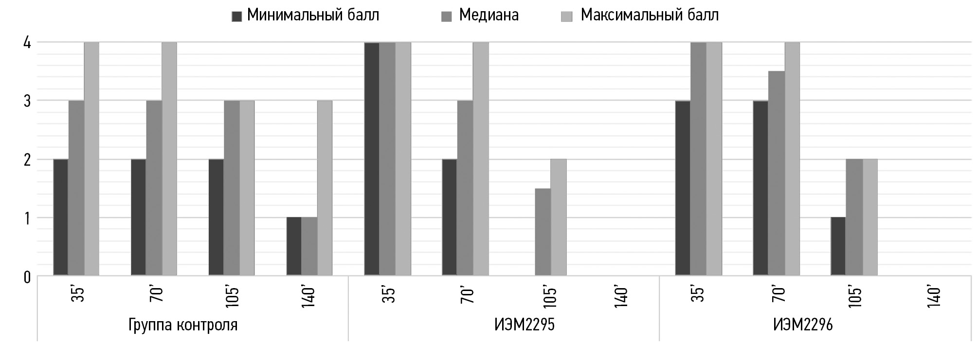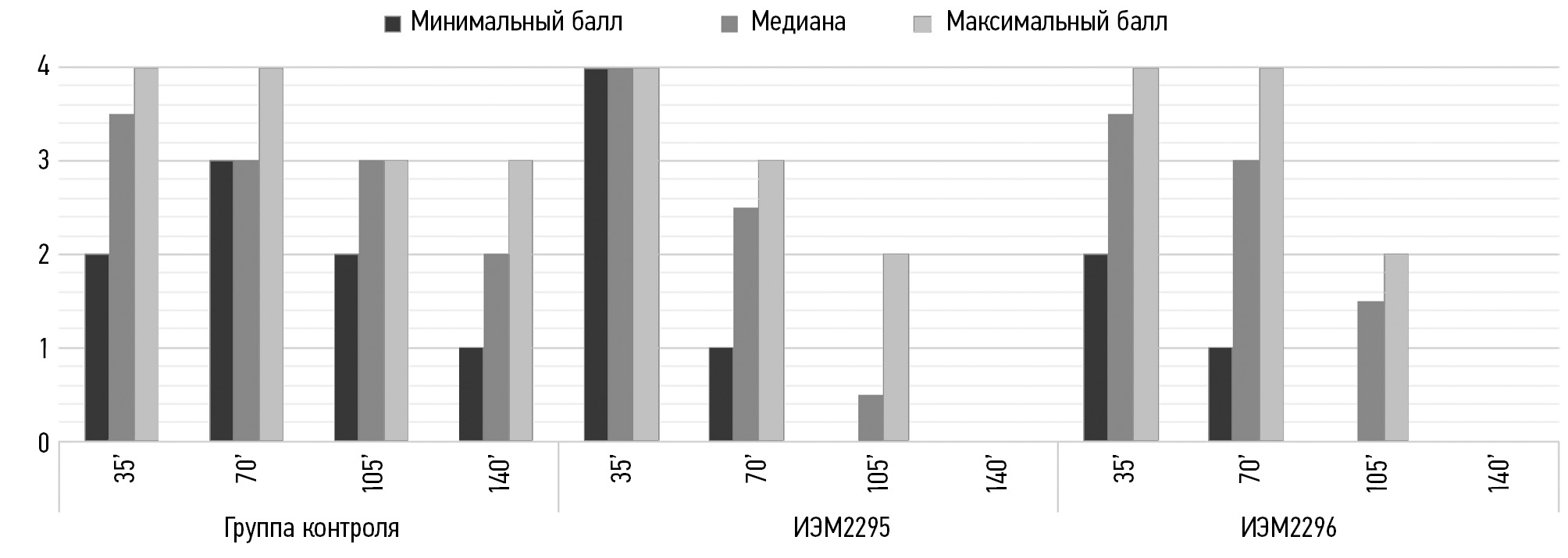 When assessing limb dyskinesia (Fig. 1), statistically significant differences were revealed between the control group and the IEM2295 group at the 70th (p = 0.028846), 105th (p = 0.000203), and 140th (p = 0.000195) minute and between the control group and the IEM2296 group at the 70th (p = 0.039564), 105th (p = 0.000208), and 140th (p = 0.000173) minute.
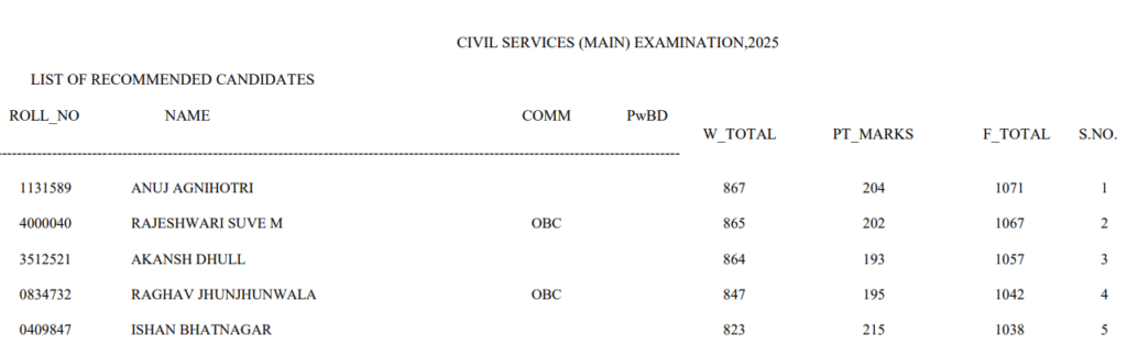 The UPSC Result 2025 PDF includes the roll numbers and names of recommended candidates arranged in order of merit.
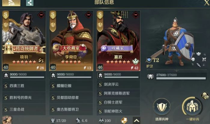 战魂项羽搭配酒馆嬴政,在【胜利号的荣光】和【三皇会战】的共同作用下,控制、输出都可以拉满,面对版本强势队伍都可以一战,遇到突击队也是55开的局面,运气好的情况下甚至可以完胜,可以说是当前版本十分强势的一套阵容。
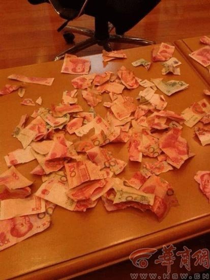 杨女士说,大概有3500元,基本全是100元的钞票,她试着拼凑,但没办法。“有的一张撕成三四片,有的被撕成了十几片,只有指甲盖大。”
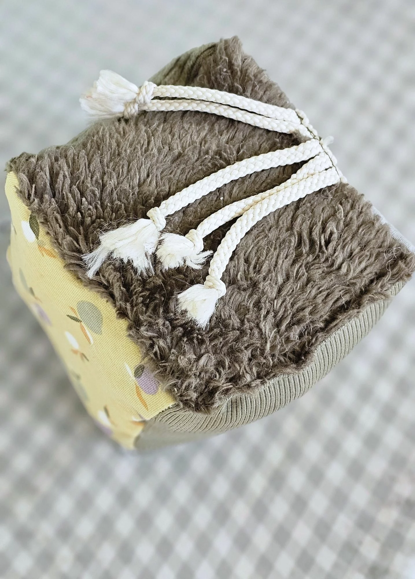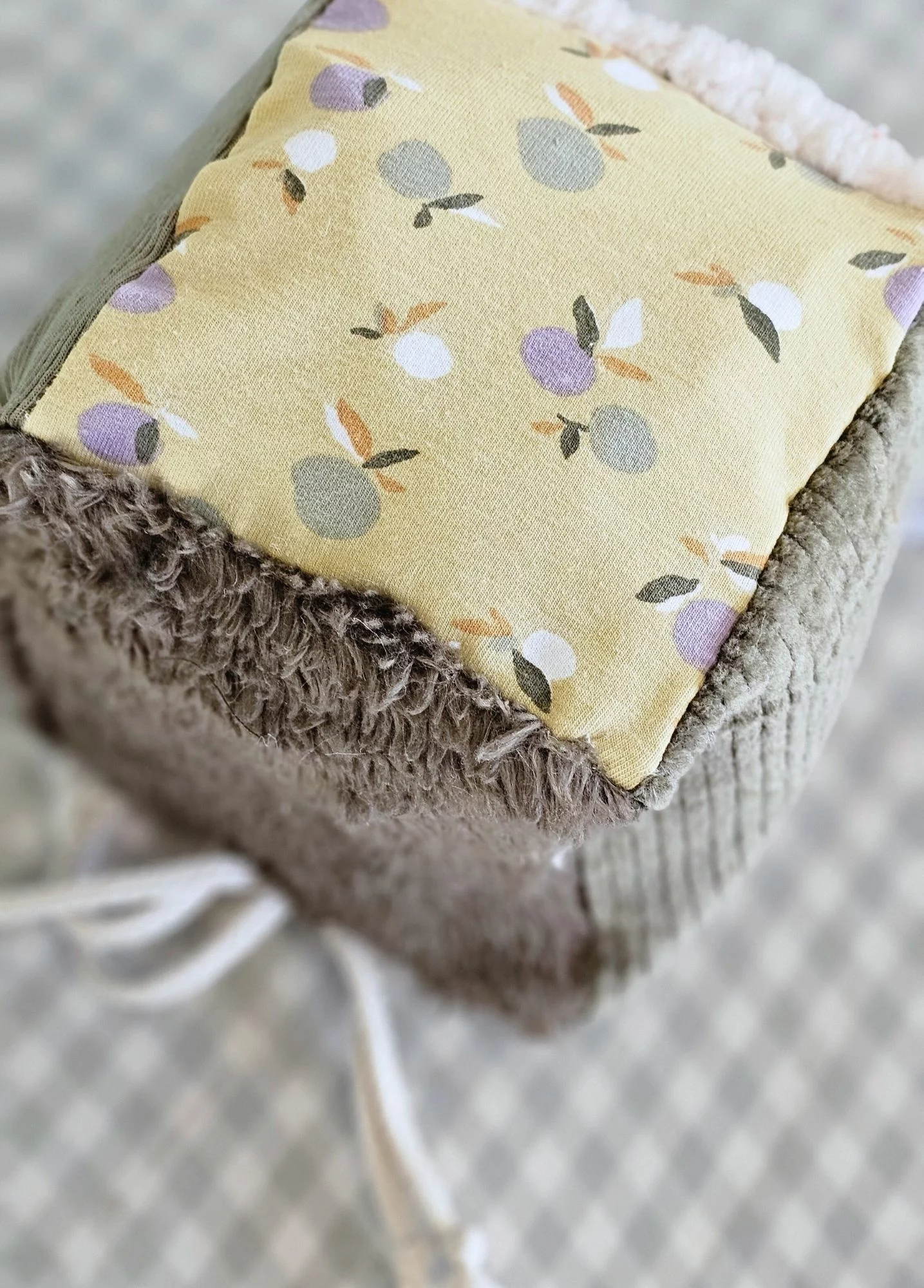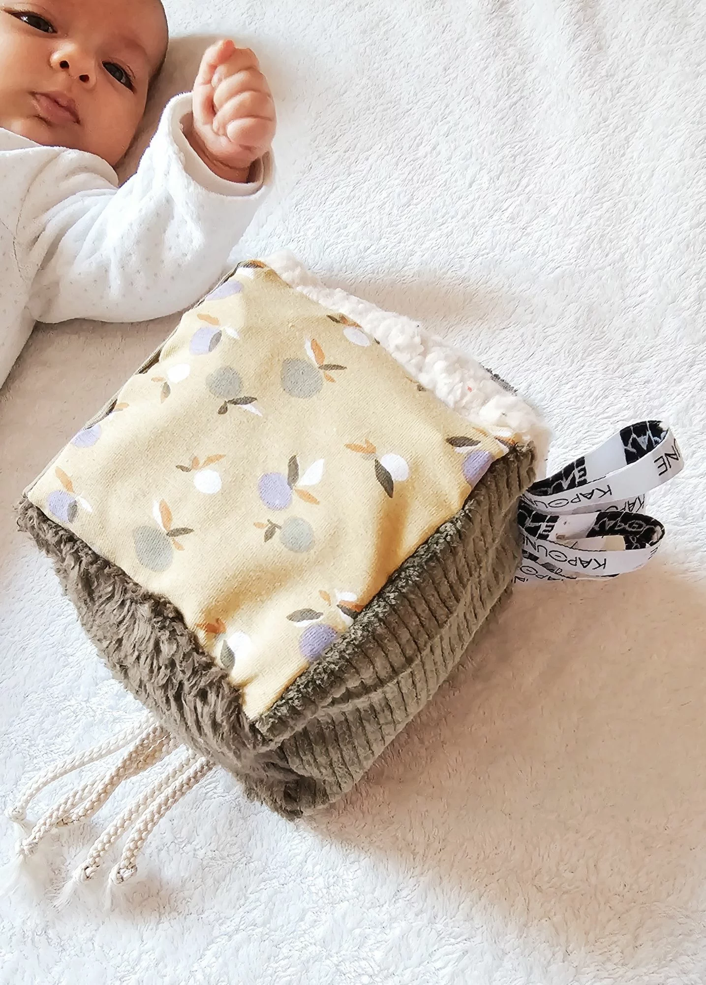 • Le cube d’éveil est fabriqué avec nos chutes de tissu et en fonction de notre stock : chaque cube sera unique dans la gamme de couleur choisie.
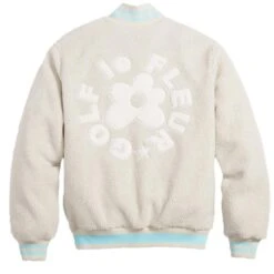 If you want luxurious and elegant looks, then you must go for the golf le fleur varsity jacket. It is such a cozy fashion statement. Its high-quality faux fur makes it smooth and warm. Its soft viscose inner makes it comfortable and sweat-free. The white color makes it unique and catchy. The golf le fleur sherpa varsity jacket has been tailored in a very modish way by using attributes like a rib-knitted stand-up collar, snap tab buttoned closure, rib-knitted cuffs, and hemline and side waist pockets. Now you can enjoy chill days of cold weather while staying warm and cozy and your fashion at a high level just by wearing the golf le fleur sherpa jacket.
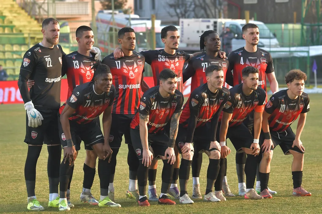 Fotbalistii bistriteni la o fotografie de grup realizata inaintea meciului de fotbal dintre FC Arges si CS Gloria Bistrita, contand pentru Cupa Romaniei Betano, desfasurat pe Stadionul Orasenesc din Mioveni, miercuri 4 martie 2026. © FOTO:Mihai Nitoiu/SPORT PICTURES

----

* _THE TASK_:
Write out everything in the data word for word. Omit each picture.

* _ANSWER BOX_:
 When assessing limb dyskinesia (Fig. 1), statistically significant differences were revealed between the control group and the IEM2295 group at the 70th (p = 0.028846), 105th (p = 0.000203), and 140th (p = 0.000195) minute and between the control group and the IEM2296 group at the 70th (p = 0.039564), 105th (p = 0.000208), and 140th (p = 0.000173) minute.
 The UPSC Result 2025 PDF includes the roll numbers and names of recommended candidates arranged in order of merit.
 战魂项羽搭配酒馆嬴政,在【胜利号的荣光】和【三皇会战】的共同作用下,控制、输出都可以拉满,面对版本强势队伍都可以一战,遇到突击队也是55开的局面,运气好的情况下甚至可以完胜,可以说是当前版本十分强势的一套阵容。
 杨女士说,大概有3500元,基本全是100元的钞票,她试着拼凑,但没办法。“有的一张撕成三四片,有的被撕成了十几片,只有指甲盖大。”
 • Le cube d’éveil est fabriqué avec nos chutes de tissu et en fonction de notre stock : chaque cube sera unique dans la gamme de couleur choisie.
 If you want luxurious and elegant looks, then you must go for the golf le fleur varsity jacket. It is such a cozy fashion statement. Its high-quality faux fur makes it smooth and warm. Its soft viscose inner makes it comfortable and sweat-free. The white color makes it unique and catchy. The golf le fleur sherpa varsity jacket has been tailored in a very modish way by using attributes like a rib-knitted stand-up collar, snap tab buttoned closure, rib-knitted cuffs, and hemline and side waist pockets. Now you can enjoy chill days of cold weather while staying warm and cozy and your fashion at a high level just by wearing the golf le fleur sherpa jacket.
 Fotbalistii bistriteni la o fotografie de grup realizata inaintea meciului de fotbal dintre FC Arges si CS Gloria Bistrita, contand pentru Cupa Romaniei Betano, desfasurat pe Stadionul Orasenesc din Mioveni, miercuri 4 martie 2026. © FOTO:Mihai Nitoiu/SPORT PICTURES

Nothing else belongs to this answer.